What happens when being an outsider is in? This article in the Hedgehog Review explores that idea:
It is herds of people busily declaring that they are not part of the herd. Whether you’re a Satanist or an alt-right activist, you sign up for a total lifestyle package that includes a limited menu of approved ideas, clothing styles, and other badges you can choose from to express your individuality.
I've been thinking a lot about humanity's tendency towards forming tribes, and the good and bad ways this manifests itself:
1. How much of the (seemingly) increased fractionation in society is driven by "outsider status" being desirable. As soon as a group gets to entrenched, it's members will either insist that they are truly outsiders, or break off to find a smaller group that has better "outsider status."

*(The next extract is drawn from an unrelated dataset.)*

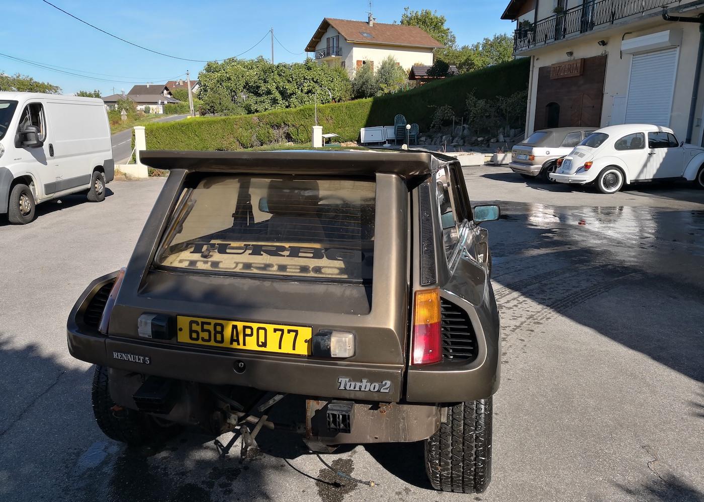 Outside the car is in good condition. The paint in its original color has some defects and needs to be repainted (chips and tarnishing in particular). The roof of this 8221 version is specific: it is made of aluminum. The car is equipped with a Maxi 5 body kit fitted as soon as it leaves the dealership. The original elements are provided: fenders, trunk, hood, front and rear bumper, as well as the rims. Plastics and exterior seals are in good condition, as well as the headlights. The seller indicates that this 5 Turbo is free of perforating corrosion, except for the rear pillar tops.

2. Does the internet and social media make it harder for the lone outsiders to exist? In the past, a true outsider may have come into contact with few or no others who had similar ideas or beliefs. Thanks to the internet and social media, even pretty obscure, niche groups of people can find each other and form groups. What is the broader implications of this? Maybe the flat-earther, finding nobody who agrees with them in real life, would give up on the idea. If you're more likely to hold onto a belief if you can find other people who believe it, and if the internet makes find those people easier, are people holding beliefs they might otherwise not?
The entire article is worth your time: In with the Out Crowd: Contrarians, Alone and Together
This Guardian profile on David Lynch proved controversial. Most of the clamor focusing around his comments on Donald Trump:
He could go down as one of the greatest presidents in history because he has disrupted the thing so much. No one is able to counter this guy in an intelligent way.” While Trump may not be doing a good job himself, Lynch thinks, he is opening up a space where other outsiders might.
Unfortunately the "greatest president in history" segment got passed around and placed out-of-context in headlines everywhere. Liberals and conservatives alike seemed to ignore the "could" and the fact that Lynch doesn't think Trump is doing a good job. This lead to both Conservatives wrongly touting Lynch's support of the president, and liberals shaming Lynch for the same.
This culminated in Trump tweeting about Lynch, and Lynch responding: "You are causing suffering and division."
Most of the profile covered information about Lynch I already knew, but the most interesting bit to me was the revelation that he's maybe only watched one film in the last year.
“Um,” he finally says. “I saw my son Austin’s movie [Gray House, a documentary] last year and I really liked it. I don’t think I’ve seen any other films.”
The entire profile is worth reading if you haven't yet.